Может, это он и
открыл глаза султану. Теперь Ибрагим мертв, и Юнус-бег охотно продал мне письма.
В последнем из них Лоренцано сообщает, что убил своего благодетеля во время
охоты, но из Флоренции вынужден бежать, потому что власть захватить не сумел.
Надеется на прибежище в Стамбуле. Еще не знает, что Ибрагим мертв.
— Где эти письма?
Он передал ей тоненький сверток в шелковом платочке.
— Так мало?
— Ваше величество, разве глубина подлости зависит от количества слов?
— Прими этого Лоренцано, и пусть живет здесь, сколько нужно.
— Его могут убить флорентийцы.
— Спрячь от них. А тех венецианцев, которые прибыли к Грити, приведи ко
мне. Я приму художника. Где он живет? Во дворце Грити?
— Все имущество Грити забрало государство.
— А разве государство — это не я? Пусть откроют для художника дом Грити
и обеспечат всем необходимым. Скажи, что это веление падишаха.
— Ваше величество, вы примете венецианца здесь?
— Нет у меня для этого другого места.
Гасан снова молча смотрел на стену за ее спиной.
— Боишься этой крови? Мертвых врагов не надо бояться. Их надо любить и
всячески возвеличивать, ибо тогда наши победы над ними обретают большую цену.

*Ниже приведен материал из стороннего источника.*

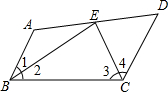 已知四边形ABCD中,AB∥CD,∠1=∠2,∠3=∠4,求证:BC=AB+CD.

Пусть увидит этот заморский художник кровь. У жестокого султана султанша тоже
должна быть жестокой!
— Ваше величество, зачем вы это делаете? Мир жесток, он не прощает
ничего.
— А чем я должна платить этому миру? Смехом и песнями? Не довольно ли?
Уже устала. Полетела бы туда, где родилась моя душа, но где крылья? Султан
собирается в поход на молдавского господаря. Иди с ним. И дойди до Рогатина.
Посмотри и расскажи. Ибо я уже туда попаду разве лишь мертвой или в молве.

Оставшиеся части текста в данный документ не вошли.